Below, we can see the possible values for some of the variables in this dataset:

# A tibble: 6 × 1
  engine       
  <chr>        
1 Turbo-fan    
2 Turbo-jet    
3 Reciprocating
4 4 Cycle      
5 Turbo-shaft  
6 Turbo-prop   
# A tibble: 2 × 1
  type      
  <chr>     
1 Fixed wing
2 Rotorcraft
# A tibble: 4 × 1
  engines
    <int>
1       2
2       1
3       4
4       3
  1. Name all variables in this dataset that could be considered discrete.
  2. Name all variables in this dataset that could be considered ordinal.
  3. Name all variables in this dataset that could be considered binary.

Now, let’s consider altering the flights dataset from Exercise 1.1.2

year month day dep_time sched_dep_time dep_delay arr_time sched_arr_time arr_delay carrier flight tailnum origin dest air_time distance hour minute time_hour
2013 2 22 1319 1302 17 1422 1404 18 EV 4129 N13958 EWR DCA 45 199 13 2 2013-02-22 13:00:00
2013 3 17 1825 1830 -5 2015 2015 0 MQ 4674 N503MQ LGA CLE 83 419 18 30 2013-03-17 18:00:00
2013 5 27 2125 2124 1 2353 21 -28 UA 1692 N27239 EWR MCO 124 937 21 24 2013-05-27 21:00:00
2013 8 5 1713 1712 1 1854 1844 10 B6 408 N190JB JFK PWM 49 273 17 12 2013-08-05 17:00:00
2013 9 17 1713 1713 0 1852 1856 -4 EV 4202 N22909 EWR STL 132 872 17 13 2013-09-17 17:00:00
2013 9 21 1441 1450 -9 1540 1602 -22 EV 4372 N13118 EWR DCA 38 199 14 50 2013-09-21 14:00:00
2013 10 22 1232 1232 0 1538 1530 8 B6 1401 N583JB JFK FLL 160 1069 12 32 2013-10-22 12:00:00
2013 11 11 1503 1505 -2 1843 1830 13 AA 145 N5FRAA JFK MIA 154 1089 15 5 2013-11-11 15:00:00
2013 11 29 1410 1415 -5 1616 1636 -20 DL 673 N939DL EWR ATL 107 746 14 15 2013-11-29 14:00:00
2013 12 22 2018 1901 77 2342 2251 51 UA 1489 N24202 EWR SFO 351 2565 19 1 2013-12-22 19:00:00
  1. Suppose I wanted to make a new variable called late, that shows whether the flight arrived late or not.

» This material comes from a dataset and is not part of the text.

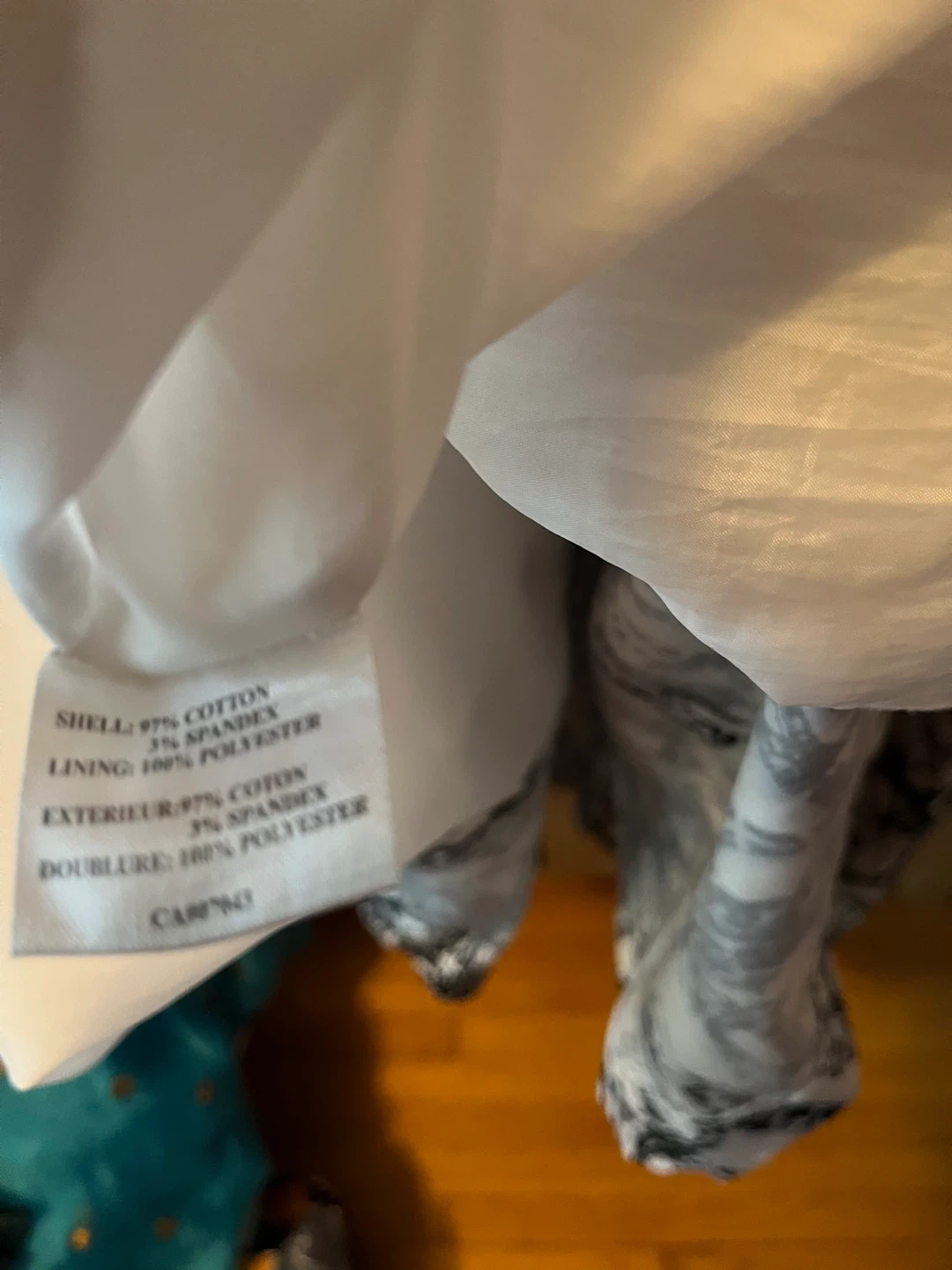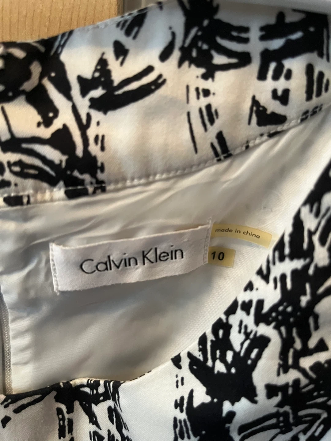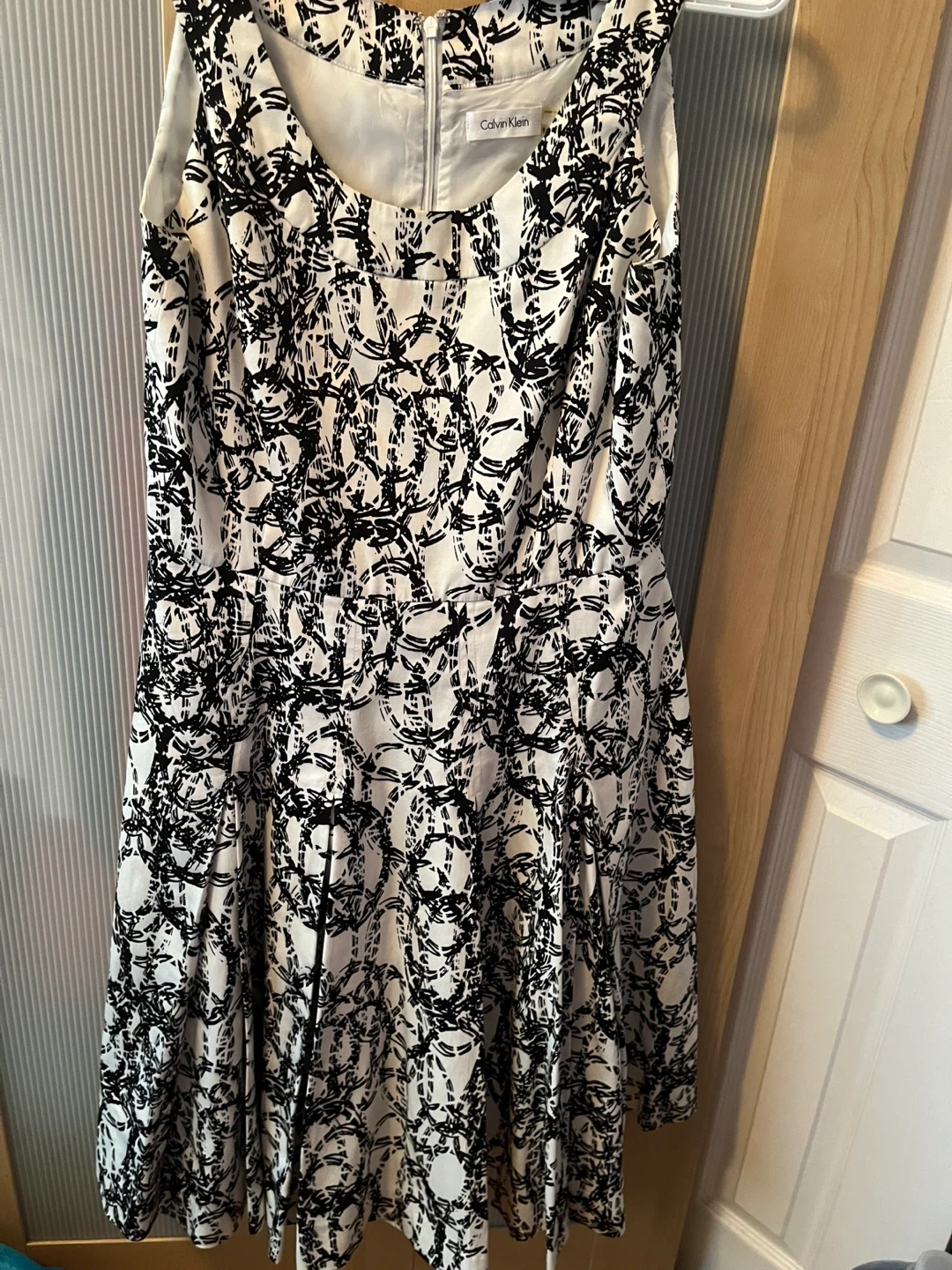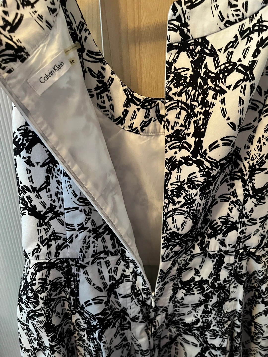 Selling a Calvin Klein dress in size 10. The dress is white with a black pattern. It has a white lining, a pleated skirt, and a flattering fit. It's in good condition and ready for a new home! Glendale SW area. Available if the ad is still up.

What quantitative variable would we need to bin to create this new variable? What would those bins be?
  2. Suppose I wanted to convert the origin column to dummy variables. What would be the new column names in the dataset after this process, and what possible values could they have?
  3. Suppose I wanted to make a new variable called flight_type, with possible values “International” or “Domestic”. What categorical variable would I use to combine categories and make this new variable? Explain.